Again the vacuous, imbecile smile took possession of her features, and her voice,
dropping its harshness, resumed the soft, well-modulated tones with which she
had first addressed him. Now she attempted by signs to indicate her wishes, and
motioning Smith-Oldwick to follow her she went to the hangings and opening
them disclosed the alcove. It was rather more than an alcove, being a fair-sized
room heavy with rugs and hangings and soft, pillowed couches. Turning at the
entrance she pointed to the corpse upon the floor of the outer room, and then
crossing the alcove she raised some draperies which covered a couch and fell to
the floor upon all sides, disclosing an opening beneath the furniture.

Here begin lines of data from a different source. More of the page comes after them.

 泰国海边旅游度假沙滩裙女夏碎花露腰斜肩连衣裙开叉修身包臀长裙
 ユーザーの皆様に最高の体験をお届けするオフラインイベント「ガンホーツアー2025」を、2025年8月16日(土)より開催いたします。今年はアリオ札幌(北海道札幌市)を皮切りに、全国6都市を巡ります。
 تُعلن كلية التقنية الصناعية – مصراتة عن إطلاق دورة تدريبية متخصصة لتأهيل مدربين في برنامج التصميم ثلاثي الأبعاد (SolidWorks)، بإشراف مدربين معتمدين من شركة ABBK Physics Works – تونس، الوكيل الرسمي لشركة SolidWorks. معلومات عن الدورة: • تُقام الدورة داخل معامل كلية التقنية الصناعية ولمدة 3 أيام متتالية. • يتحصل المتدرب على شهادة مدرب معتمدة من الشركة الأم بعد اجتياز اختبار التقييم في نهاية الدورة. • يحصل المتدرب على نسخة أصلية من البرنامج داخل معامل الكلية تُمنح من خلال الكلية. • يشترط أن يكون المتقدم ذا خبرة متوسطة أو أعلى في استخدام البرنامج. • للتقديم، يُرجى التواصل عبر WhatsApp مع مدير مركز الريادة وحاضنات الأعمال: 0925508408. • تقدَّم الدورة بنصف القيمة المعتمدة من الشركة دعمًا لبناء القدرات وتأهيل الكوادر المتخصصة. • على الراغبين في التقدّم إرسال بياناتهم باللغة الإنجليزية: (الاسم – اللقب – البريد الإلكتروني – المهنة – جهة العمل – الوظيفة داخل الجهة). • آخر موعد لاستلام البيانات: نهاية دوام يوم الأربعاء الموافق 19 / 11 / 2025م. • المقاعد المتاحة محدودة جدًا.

To this opening she pointed and then again to the corpse, indicating plainly to the
Englishman that it was her desire that the body be hidden here. But if he had
been in doubt, she essayed to dispel it by grasping his sleeve and urging him in
the direction of the body which the two of them then lifted and half carried and
half dragged into the alcove. At first they encountered some difficulty when they
endeavored to force the body of the man into the small space she had selected for
it, but eventually they succeeded in doing so. Smith-Oldwick was again
impressed by the fiendish brutality of the girl. In the center of the room lay a
blood-stained rug which the girl quickly gathered up and draped over a piece of
furniture in such a way that the stain was hidden. By rearranging the other rugs
and by bringing one from the alcove she restored the room to order so no outward
indication of the tragedy so recently enacted there was apparent.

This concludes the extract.